[Records from a data collection]
═══

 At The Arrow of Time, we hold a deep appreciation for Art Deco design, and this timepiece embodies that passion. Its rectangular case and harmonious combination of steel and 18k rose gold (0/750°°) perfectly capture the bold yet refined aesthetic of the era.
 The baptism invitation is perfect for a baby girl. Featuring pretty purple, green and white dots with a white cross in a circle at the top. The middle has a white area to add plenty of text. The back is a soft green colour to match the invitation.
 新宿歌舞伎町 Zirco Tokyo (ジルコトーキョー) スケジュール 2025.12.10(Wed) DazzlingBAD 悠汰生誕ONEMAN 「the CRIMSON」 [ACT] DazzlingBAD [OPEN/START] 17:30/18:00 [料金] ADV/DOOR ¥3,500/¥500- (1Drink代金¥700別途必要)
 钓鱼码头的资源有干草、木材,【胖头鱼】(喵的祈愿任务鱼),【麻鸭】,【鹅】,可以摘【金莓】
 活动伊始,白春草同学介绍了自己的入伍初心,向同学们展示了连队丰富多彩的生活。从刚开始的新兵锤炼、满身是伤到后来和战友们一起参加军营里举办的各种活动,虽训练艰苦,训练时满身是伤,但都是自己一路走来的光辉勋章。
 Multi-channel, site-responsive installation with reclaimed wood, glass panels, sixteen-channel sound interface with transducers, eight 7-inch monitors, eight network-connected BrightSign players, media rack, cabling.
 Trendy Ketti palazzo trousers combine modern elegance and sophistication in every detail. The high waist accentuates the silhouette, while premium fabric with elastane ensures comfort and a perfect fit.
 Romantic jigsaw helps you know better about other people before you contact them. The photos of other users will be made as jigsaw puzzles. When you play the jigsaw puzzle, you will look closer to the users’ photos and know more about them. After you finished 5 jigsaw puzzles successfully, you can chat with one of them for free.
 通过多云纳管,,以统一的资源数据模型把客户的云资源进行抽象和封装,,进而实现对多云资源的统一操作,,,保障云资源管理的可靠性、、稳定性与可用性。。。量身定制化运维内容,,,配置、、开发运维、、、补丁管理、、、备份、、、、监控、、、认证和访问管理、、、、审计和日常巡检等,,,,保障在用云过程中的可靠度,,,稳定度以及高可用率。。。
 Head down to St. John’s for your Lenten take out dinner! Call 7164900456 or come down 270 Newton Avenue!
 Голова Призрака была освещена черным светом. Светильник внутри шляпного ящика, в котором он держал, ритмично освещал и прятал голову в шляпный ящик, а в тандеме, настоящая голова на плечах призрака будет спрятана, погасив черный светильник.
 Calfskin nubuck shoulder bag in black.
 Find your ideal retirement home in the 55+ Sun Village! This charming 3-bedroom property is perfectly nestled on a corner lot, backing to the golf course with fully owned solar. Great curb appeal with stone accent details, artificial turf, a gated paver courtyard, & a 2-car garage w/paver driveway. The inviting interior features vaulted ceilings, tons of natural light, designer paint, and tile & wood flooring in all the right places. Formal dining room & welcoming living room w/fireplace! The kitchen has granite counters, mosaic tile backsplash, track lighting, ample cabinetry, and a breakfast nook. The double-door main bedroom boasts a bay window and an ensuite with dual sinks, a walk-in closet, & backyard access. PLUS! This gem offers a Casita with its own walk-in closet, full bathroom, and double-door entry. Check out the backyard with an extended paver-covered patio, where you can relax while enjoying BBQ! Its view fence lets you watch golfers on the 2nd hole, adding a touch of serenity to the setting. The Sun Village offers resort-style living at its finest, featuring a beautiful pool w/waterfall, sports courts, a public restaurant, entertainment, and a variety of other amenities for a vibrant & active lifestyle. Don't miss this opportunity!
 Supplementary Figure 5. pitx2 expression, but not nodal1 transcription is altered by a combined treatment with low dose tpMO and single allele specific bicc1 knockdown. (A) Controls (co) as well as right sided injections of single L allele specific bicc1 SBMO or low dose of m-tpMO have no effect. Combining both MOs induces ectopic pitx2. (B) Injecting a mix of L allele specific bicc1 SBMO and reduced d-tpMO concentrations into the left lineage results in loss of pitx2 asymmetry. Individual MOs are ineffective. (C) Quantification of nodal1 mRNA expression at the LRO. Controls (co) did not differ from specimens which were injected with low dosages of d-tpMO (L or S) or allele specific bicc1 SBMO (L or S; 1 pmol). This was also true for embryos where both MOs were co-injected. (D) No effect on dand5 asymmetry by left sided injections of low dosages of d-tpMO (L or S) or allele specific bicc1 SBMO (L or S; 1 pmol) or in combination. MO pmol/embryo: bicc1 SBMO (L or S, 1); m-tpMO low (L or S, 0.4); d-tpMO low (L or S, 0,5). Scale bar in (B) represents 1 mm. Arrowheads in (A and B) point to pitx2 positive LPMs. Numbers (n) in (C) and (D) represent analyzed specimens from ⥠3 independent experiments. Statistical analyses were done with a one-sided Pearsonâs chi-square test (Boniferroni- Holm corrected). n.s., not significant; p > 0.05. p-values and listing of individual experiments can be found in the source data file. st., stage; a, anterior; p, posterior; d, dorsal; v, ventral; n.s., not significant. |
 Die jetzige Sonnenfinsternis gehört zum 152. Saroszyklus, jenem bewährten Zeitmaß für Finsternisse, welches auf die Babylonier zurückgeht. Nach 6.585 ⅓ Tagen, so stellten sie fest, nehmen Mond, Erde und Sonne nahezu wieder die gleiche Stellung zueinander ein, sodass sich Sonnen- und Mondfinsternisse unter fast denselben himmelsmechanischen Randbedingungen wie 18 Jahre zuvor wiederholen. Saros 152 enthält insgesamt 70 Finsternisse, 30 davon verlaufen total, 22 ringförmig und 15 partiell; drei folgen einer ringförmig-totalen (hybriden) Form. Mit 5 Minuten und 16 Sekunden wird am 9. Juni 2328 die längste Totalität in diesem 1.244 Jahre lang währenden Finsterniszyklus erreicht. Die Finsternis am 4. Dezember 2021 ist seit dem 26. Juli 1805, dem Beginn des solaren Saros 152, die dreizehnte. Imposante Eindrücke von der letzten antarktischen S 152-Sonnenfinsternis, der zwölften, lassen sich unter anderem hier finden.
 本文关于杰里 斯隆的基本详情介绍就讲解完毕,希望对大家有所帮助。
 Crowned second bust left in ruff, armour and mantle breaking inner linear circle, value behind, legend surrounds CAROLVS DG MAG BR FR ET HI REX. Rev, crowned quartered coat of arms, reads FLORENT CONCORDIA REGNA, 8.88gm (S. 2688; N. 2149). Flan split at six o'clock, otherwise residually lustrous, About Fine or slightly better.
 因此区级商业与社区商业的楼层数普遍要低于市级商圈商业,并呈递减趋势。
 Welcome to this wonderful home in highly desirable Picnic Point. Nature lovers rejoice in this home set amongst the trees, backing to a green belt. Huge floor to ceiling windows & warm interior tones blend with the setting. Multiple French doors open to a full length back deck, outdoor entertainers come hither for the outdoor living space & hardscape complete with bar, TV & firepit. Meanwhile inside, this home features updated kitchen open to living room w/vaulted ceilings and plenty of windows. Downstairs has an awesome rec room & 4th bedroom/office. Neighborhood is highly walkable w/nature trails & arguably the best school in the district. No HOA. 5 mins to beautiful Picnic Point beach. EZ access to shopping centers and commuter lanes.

═══

What to work on
Each line above needs to be output again, exactly as shown.

Answer space
 At The Arrow of Time, we hold a deep appreciation for Art Deco design, and this timepiece embodies that passion. Its rectangular case and harmonious combination of steel and 18k rose gold (0/750°°) perfectly capture the bold yet refined aesthetic of the era.
 The baptism invitation is perfect for a baby girl. Featuring pretty purple, green and white dots with a white cross in a circle at the top. The middle has a white area to add plenty of text. The back is a soft green colour to match the invitation.
 新宿歌舞伎町 Zirco Tokyo (ジルコトーキョー) スケジュール 2025.12.10(Wed) DazzlingBAD 悠汰生誕ONEMAN 「the CRIMSON」 [ACT] DazzlingBAD [OPEN/START] 17:30/18:00 [料金] ADV/DOOR ¥3,500/¥500- (1Drink代金¥700別途必要)
 钓鱼码头的资源有干草、木材,【胖头鱼】(喵的祈愿任务鱼),【麻鸭】,【鹅】,可以摘【金莓】
 活动伊始,白春草同学介绍了自己的入伍初心,向同学们展示了连队丰富多彩的生活。从刚开始的新兵锤炼、满身是伤到后来和战友们一起参加军营里举办的各种活动,虽训练艰苦,训练时满身是伤,但都是自己一路走来的光辉勋章。
 Multi-channel, site-responsive installation with reclaimed wood, glass panels, sixteen-channel sound interface with transducers, eight 7-inch monitors, eight network-connected BrightSign players, media rack, cabling.
 Trendy Ketti palazzo trousers combine modern elegance and sophistication in every detail. The high waist accentuates the silhouette, while premium fabric with elastane ensures comfort and a perfect fit.
 Romantic jigsaw helps you know better about other people before you contact them. The photos of other users will be made as jigsaw puzzles. When you play the jigsaw puzzle, you will look closer to the users’ photos and know more about them. After you finished 5 jigsaw puzzles successfully, you can chat with one of them for free.
 通过多云纳管,,以统一的资源数据模型把客户的云资源进行抽象和封装,,进而实现对多云资源的统一操作,,,保障云资源管理的可靠性、、稳定性与可用性。。。量身定制化运维内容,,,配置、、开发运维、、、补丁管理、、、备份、、、、监控、、、认证和访问管理、、、、审计和日常巡检等,,,,保障在用云过程中的可靠度,,,稳定度以及高可用率。。。
 Head down to St. John’s for your Lenten take out dinner! Call 7164900456 or come down 270 Newton Avenue!
 Голова Призрака была освещена черным светом. Светильник внутри шляпного ящика, в котором он держал, ритмично освещал и прятал голову в шляпный ящик, а в тандеме, настоящая голова на плечах призрака будет спрятана, погасив черный светильник.
 Calfskin nubuck shoulder bag in black.
 Find your ideal retirement home in the 55+ Sun Village! This charming 3-bedroom property is perfectly nestled on a corner lot, backing to the golf course with fully owned solar. Great curb appeal with stone accent details, artificial turf, a gated paver courtyard, & a 2-car garage w/paver driveway. The inviting interior features vaulted ceilings, tons of natural light, designer paint, and tile & wood flooring in all the right places. Formal dining room & welcoming living room w/fireplace! The kitchen has granite counters, mosaic tile backsplash, track lighting, ample cabinetry, and a breakfast nook. The double-door main bedroom boasts a bay window and an ensuite with dual sinks, a walk-in closet, & backyard access. PLUS! This gem offers a Casita with its own walk-in closet, full bathroom, and double-door entry. Check out the backyard with an extended paver-covered patio, where you can relax while enjoying BBQ! Its view fence lets you watch golfers on the 2nd hole, adding a touch of serenity to the setting. The Sun Village offers resort-style living at its finest, featuring a beautiful pool w/waterfall, sports courts, a public restaurant, entertainment, and a variety of other amenities for a vibrant & active lifestyle. Don't miss this opportunity!
 Supplementary Figure 5. pitx2 expression, but not nodal1 transcription is altered by a combined treatment with low dose tpMO and single allele specific bicc1 knockdown. (A) Controls (co) as well as right sided injections of single L allele specific bicc1 SBMO or low dose of m-tpMO have no effect. Combining both MOs induces ectopic pitx2. (B) Injecting a mix of L allele specific bicc1 SBMO and reduced d-tpMO concentrations into the left lineage results in loss of pitx2 asymmetry. Individual MOs are ineffective. (C) Quantification of nodal1 mRNA expression at the LRO. Controls (co) did not differ from specimens which were injected with low dosages of d-tpMO (L or S) or allele specific bicc1 SBMO (L or S; 1 pmol). This was also true for embryos where both MOs were co-injected. (D) No effect on dand5 asymmetry by left sided injections of low dosages of d-tpMO (L or S) or allele specific bicc1 SBMO (L or S; 1 pmol) or in combination. MO pmol/embryo: bicc1 SBMO (L or S, 1); m-tpMO low (L or S, 0.4); d-tpMO low (L or S, 0,5). Scale bar in (B) represents 1 mm. Arrowheads in (A and B) point to pitx2 positive LPMs. Numbers (n) in (C) and (D) represent analyzed specimens from ⥠3 independent experiments. Statistical analyses were done with a one-sided Pearsonâs chi-square test (Boniferroni- Holm corrected). n.s., not significant; p > 0.05. p-values and listing of individual experiments can be found in the source data file. st., stage; a, anterior; p, posterior; d, dorsal; v, ventral; n.s., not significant. |
 Die jetzige Sonnenfinsternis gehört zum 152. Saroszyklus, jenem bewährten Zeitmaß für Finsternisse, welches auf die Babylonier zurückgeht. Nach 6.585 ⅓ Tagen, so stellten sie fest, nehmen Mond, Erde und Sonne nahezu wieder die gleiche Stellung zueinander ein, sodass sich Sonnen- und Mondfinsternisse unter fast denselben himmelsmechanischen Randbedingungen wie 18 Jahre zuvor wiederholen. Saros 152 enthält insgesamt 70 Finsternisse, 30 davon verlaufen total, 22 ringförmig und 15 partiell; drei folgen einer ringförmig-totalen (hybriden) Form. Mit 5 Minuten und 16 Sekunden wird am 9. Juni 2328 die längste Totalität in diesem 1.244 Jahre lang währenden Finsterniszyklus erreicht. Die Finsternis am 4. Dezember 2021 ist seit dem 26. Juli 1805, dem Beginn des solaren Saros 152, die dreizehnte. Imposante Eindrücke von der letzten antarktischen S 152-Sonnenfinsternis, der zwölften, lassen sich unter anderem hier finden.
 本文关于杰里 斯隆的基本详情介绍就讲解完毕,希望对大家有所帮助。
 Crowned second bust left in ruff, armour and mantle breaking inner linear circle, value behind, legend surrounds CAROLVS DG MAG BR FR ET HI REX. Rev, crowned quartered coat of arms, reads FLORENT CONCORDIA REGNA, 8.88gm (S. 2688; N. 2149). Flan split at six o'clock, otherwise residually lustrous, About Fine or slightly better.
 因此区级商业与社区商业的楼层数普遍要低于市级商圈商业,并呈递减趋势。
 Welcome to this wonderful home in highly desirable Picnic Point. Nature lovers rejoice in this home set amongst the trees, backing to a green belt. Huge floor to ceiling windows & warm interior tones blend with the setting. Multiple French doors open to a full length back deck, outdoor entertainers come hither for the outdoor living space & hardscape complete with bar, TV & firepit. Meanwhile inside, this home features updated kitchen open to living room w/vaulted ceilings and plenty of windows. Downstairs has an awesome rec room & 4th bedroom/office. Neighborhood is highly walkable w/nature trails & arguably the best school in the district. No HOA. 5 mins to beautiful Picnic Point beach. EZ access to shopping centers and commuter lanes.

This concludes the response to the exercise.